En büyük zevki olan yazı macerası, Münire'nin sihirli elleriyle ev haline gelen o eski tren vagonunun en ışıklı köşesinde devam ederken, ikinci kez baba olacağı müjdesini almaktadır. Kısaca herşey, uzun süredir olmadığı kadar yolundadır.
Ne var ki Ali, haksızlığa gelemeyen bir tiptir. Ne hak yer, ne de yedirtir. Gün gelir bu dik başlılığı, müdürle arasındaki köprülerin atılmasına yol açar. Aynı gün sancısı tutan karısını hastaneye yetiştiremez, yolda kaybederler. Sonrası, hiç bitmeyen bir matemdir Ali için. Doğançay’dan ayrılırlar.
Annesini kaybettikten sonra değiştirdikleri kasabaların sayısını, hikâyenin müellifi de bilmiyor. Fakat filmde, isim vermeden iki kasabadan daha söz ediliyor.
Bu kasabaların ilkinde Ali’yi bir arzuhalci olarak görüyoruz. Belediye başkanıyla yaşadığı çatışma, oğlunun hayatını tehdit eder bir hal alınca, yerleştik zannettikleri bu kasabayı da terk ediyorlar.
İkinci kasabada ise Ali, kırlaşmış saçları ve ince çerçeveli gözlüğüyle bir kitabevi işletirken karşımıza çıkıyor. Sonradan mahallî bir gazetede de yazmaya başlayacak. Münire’nin eksikliği bir yana, tam ona göre bir hayat.
Bu defa düzeni bozan, savcının kızına âşık olan oğlu oluyor.

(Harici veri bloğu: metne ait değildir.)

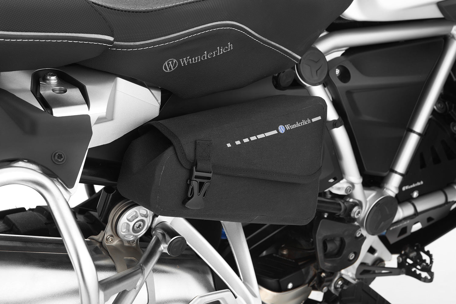These two functional DRYBAG side bags are tailored for our frame covers. They can be securely attached or removed in a flash using the LOXX quick releases on the inside. The bags consist of perfectly crafted CORDURA® 500, which is laminated on the inside with a waterproof layer of durable TPU. All seams and duplications are stitched to be waterproof. The cover flap, which also covers the waterproof and dustproof zippers and fastens with two high-quality clips, also ensures they are water-tight. They offer additional space for everything you need to hand, e.g. tools or bandages. The attachment close to the centre of gravity is particularly favourable for neutral riding behaviour. Especially in off-road use. No restriction of freedom of mobility for the rider and passenger.
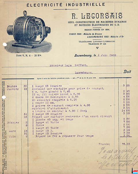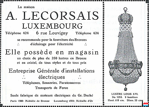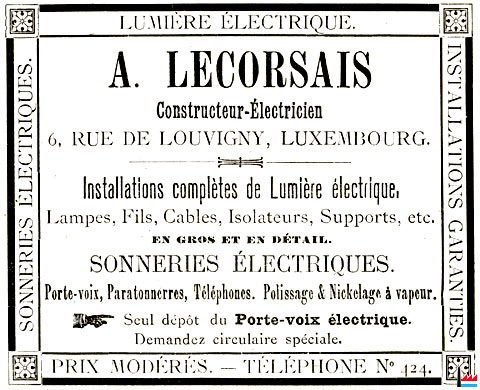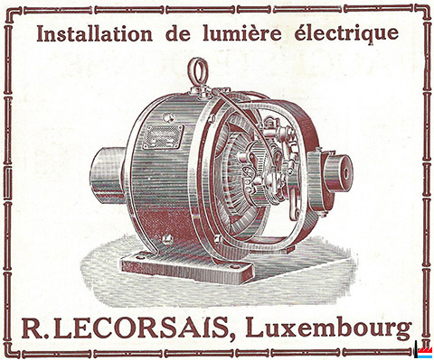 | 1910 | Electricité industrielle, A. Lecorsais, Luxembourg Exploitant : Ad. Lecorsais. Luxembourg |
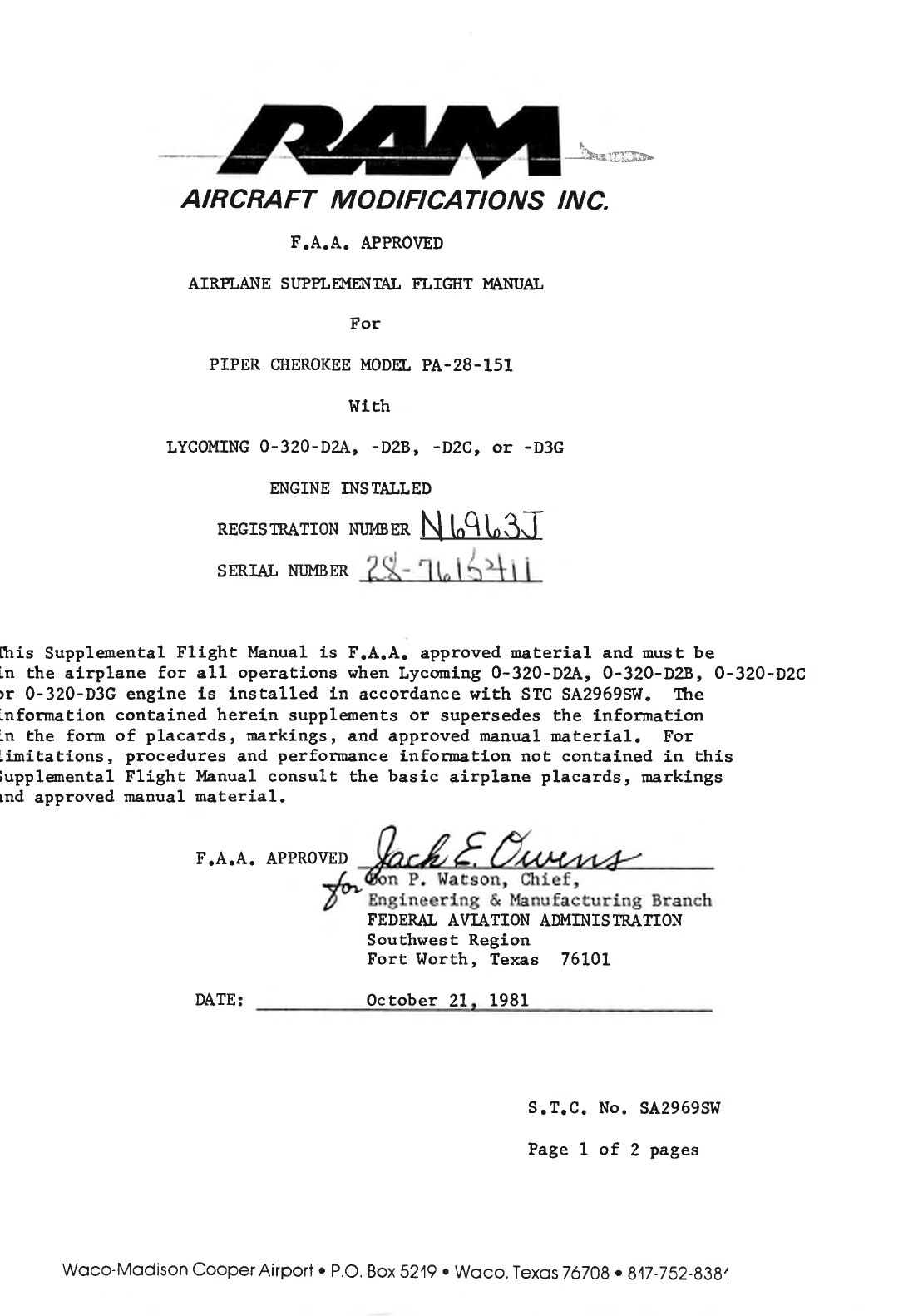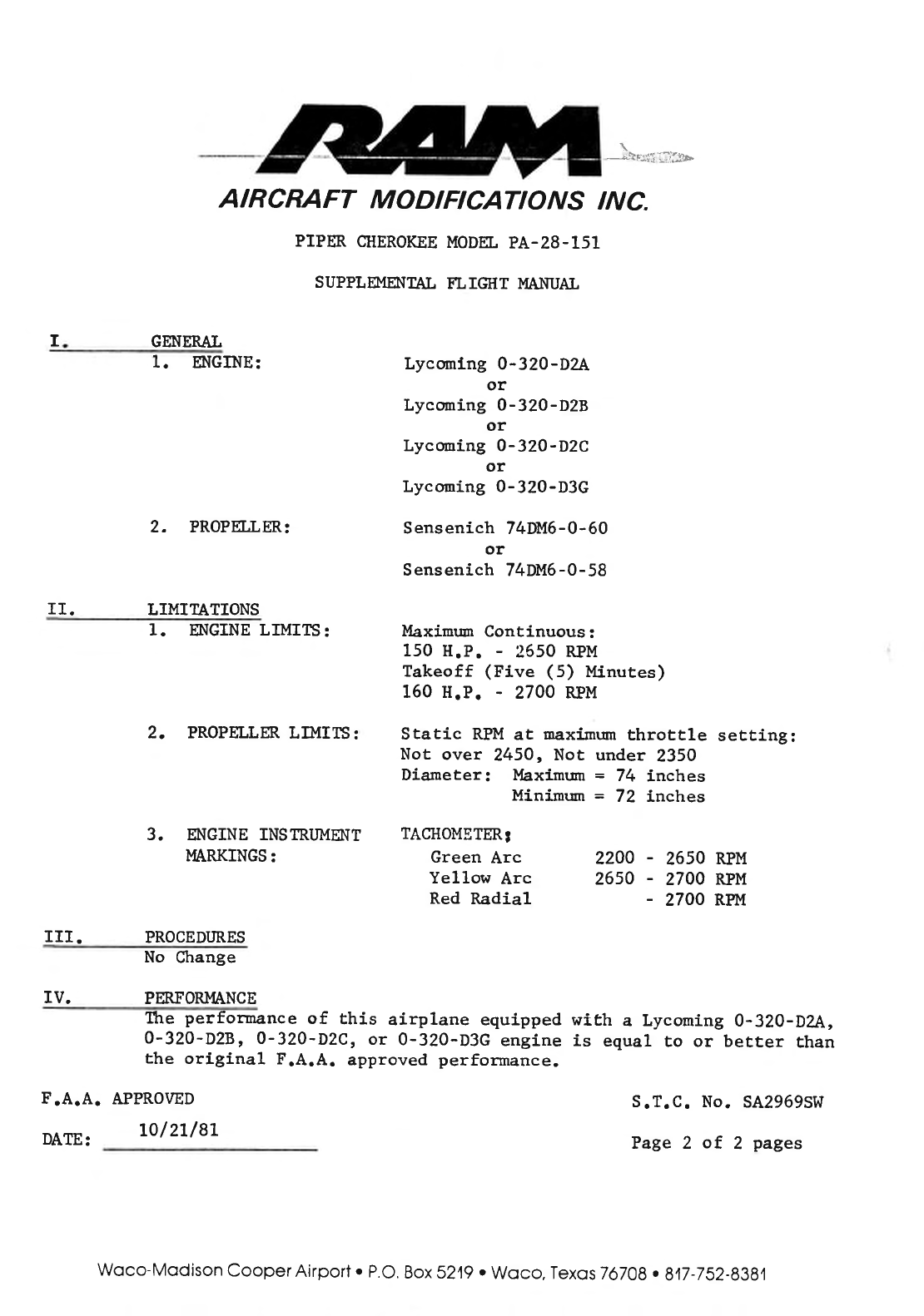 F.A.A. APPROVED

Kızına söz geçiremeyen savcı, Ali’yi ve oğlunu sıkıştırmayı deniyor. Kitapla ve yazıyla uğraşmak, bugüne kıyasla o devirde belâya biraz daha yakın olmak demek. Nitekim Ali, hapse düşüyor.
- Beni düşünme, diyor oğluna. Sevdiğini de al, uzaklaş.
Böylece babadan oğula devreden yeni bir hikâye başlıyor. Yanında sevdiği, çantasında babasının emaneti (daktilosu) ile rota, yine Doğançay. Her köşesinde annesinin izi bulunan o eski tren vagonu.